▶ _The task_:
Copy the data below exactly, omitting any picture it contains.

▶ _Data_:
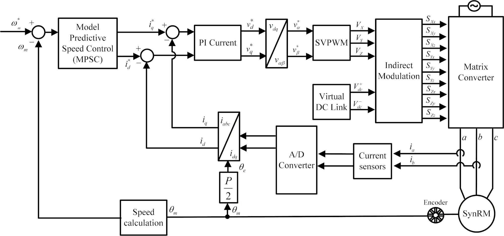 In this paper, the SynRM indirect matrix converter drive system uses model predictive speed controller (MPSC) and proportional-integral (PI) current controller based on the mechanical model of motor. A comprehensive block diagram of the overall drive system configuration is presented in Figure 1. The proposed speed drive system is based on an indirect matrix converter topology and incorporates several key components, including MPSC and PI current controllers, a modulation algorithm, the matrix converter unit, and a SynRM as the load. The detailed matrix converter and the controllers design are explained in the following subsection.
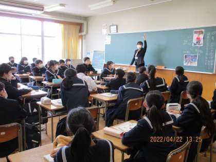 授業参観の様子です。たくさんの参観ありがとうございます。先生も、生徒もちょっと緊張気味!?
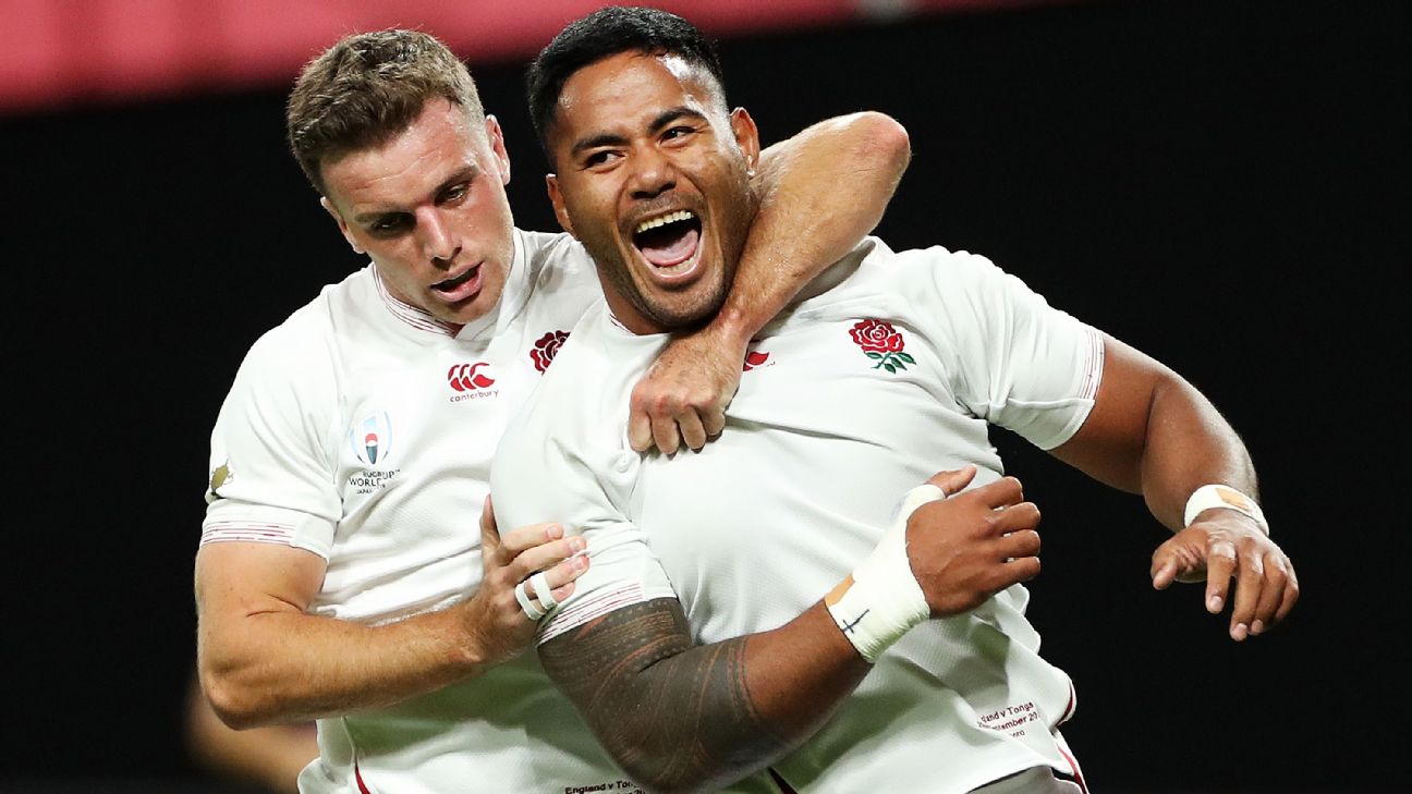 A first-half double from Manu Tuilagi and a late bonus-point sealing try by substitute Luke Cowan-Dickie gave England the perfect start to their Rugby World Cup campaign.
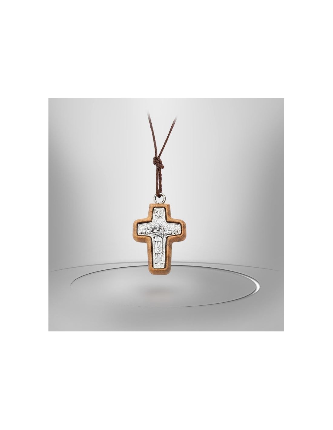 Collier Cordon avec Croix Papale en bois d'olivier - métal Argenté

▶ _Written response_:
 In this paper, the SynRM indirect matrix converter drive system uses model predictive speed controller (MPSC) and proportional-integral (PI) current controller based on the mechanical model of motor. A comprehensive block diagram of the overall drive system configuration is presented in Figure 1. The proposed speed drive system is based on an indirect matrix converter topology and incorporates several key components, including MPSC and PI current controllers, a modulation algorithm, the matrix converter unit, and a SynRM as the load. The detailed matrix converter and the controllers design are explained in the following subsection.
 授業参観の様子です。たくさんの参観ありがとうございます。先生も、生徒もちょっと緊張気味!?
 A first-half double from Manu Tuilagi and a late bonus-point sealing try by substitute Luke Cowan-Dickie gave England the perfect start to their Rugby World Cup campaign.
 Collier Cordon avec Croix Papale en bois d'olivier - métal Argenté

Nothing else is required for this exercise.